専門学校卒業後、17~18年間外食業界で勤務されて来たそうです。
「外国人だから」という特別扱いの必要はない?
――本日はお忙しい中、インタビューのお時間をいただきありがとうございます。
早速ですが、こちらのお店では何名の外国人の方が働いていますか?
日本人、外国人合わせてキッチンスタッフ全体で14人です。
うち、日本人3人、外国人11人。外国人スタッフは20代が中心で、最年長は31歳です。

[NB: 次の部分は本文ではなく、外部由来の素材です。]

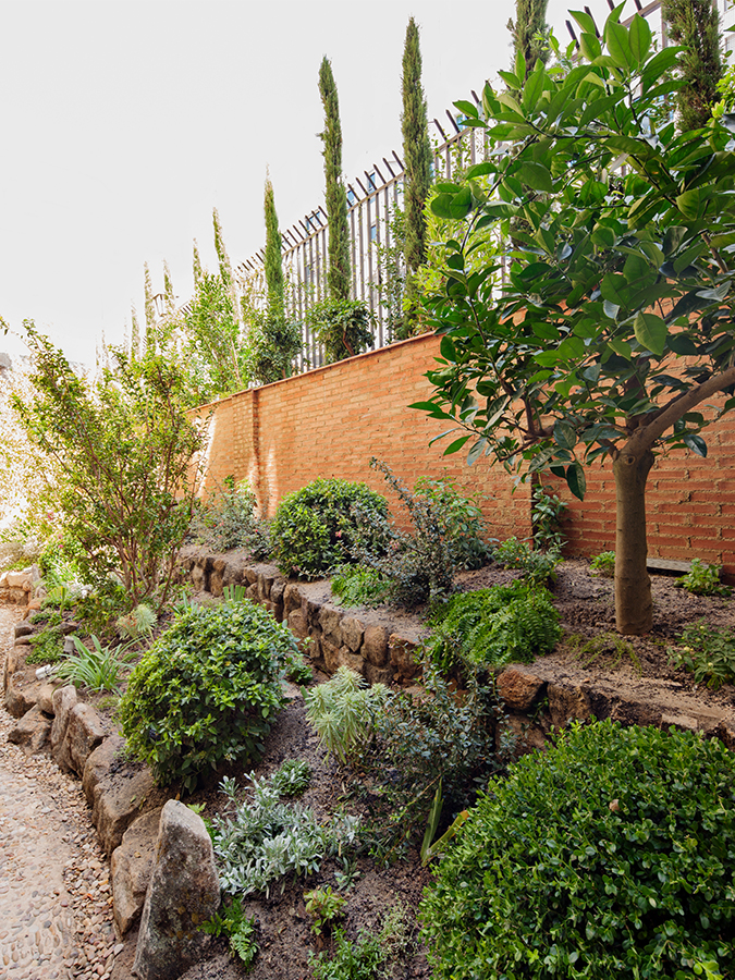 DE PLANTAS APROPIADAS PARA EL CLIMA Y SUELO. EN ESTE CASO SE HAN ELEGIDO ESPECIES ACORDES CON EL CLIMA MEDITERRÁNEO.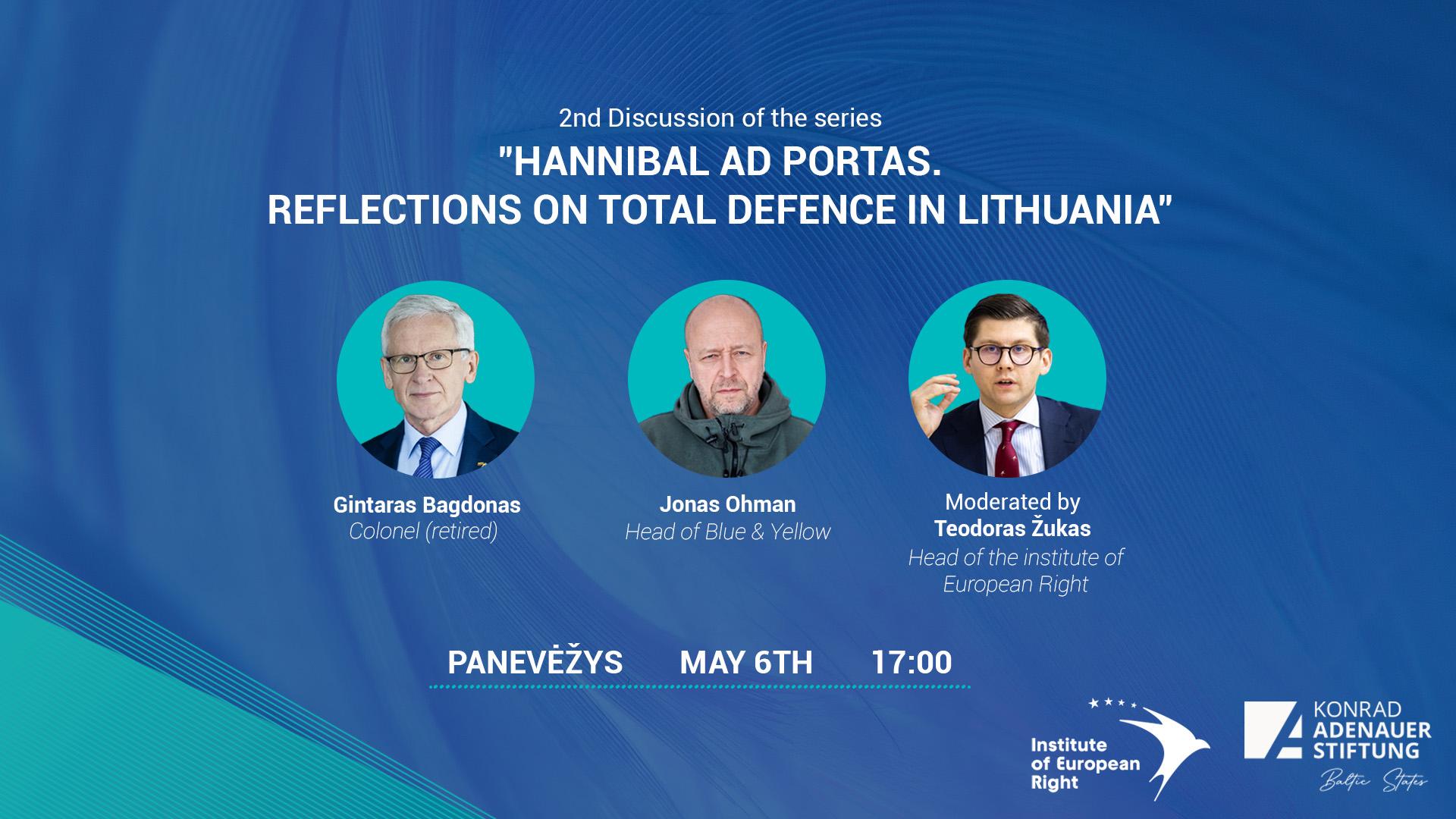 "Hannibal ad portas. Reflections on Total Defence in Lithuania" is a series of discussions across Lithuania to discuss the current security situation in Lithuania and the region and to discuss the necessary measures to strengthen total defence in Lithuania.

――スタッフの皆様は、アルバイト、社員など主な雇用形態はなんですか。
現在、同店舗の社員は4名。他はアルバイトです。
――特定技能1号社員としてNGANさんが入社するにあたり、オペレーションやマニュアルの変更など、整備した部分はありますか。
特に変更したことはありません。
これまでも外国人スタッフを雇用しており、特に特定技能人材受け入れのための対応はせずに、1人の新人スタッフとして受け入れています。NGANさんは会話だけでなく、日本語を読む能力も高いので「外国人だから」という特別扱いの必要がありません。
――NGANさんはどんな仕事を担当していますか。
アペタイザー(前菜、冷菜)の調理。デザートの盛り付けなど、火を扱わない業務を任せています。キッチンに配属となったメンバーが1番最初に担当する業務です。
――NGANさんの仕事ぶりはいかがですか?
すごくまじめです。黙々と作業をこなしており、スピードも早い。
また、仕事を覚えたい気持ちが強く、自分から色々と質問をして来るところも非常に良いと思っています。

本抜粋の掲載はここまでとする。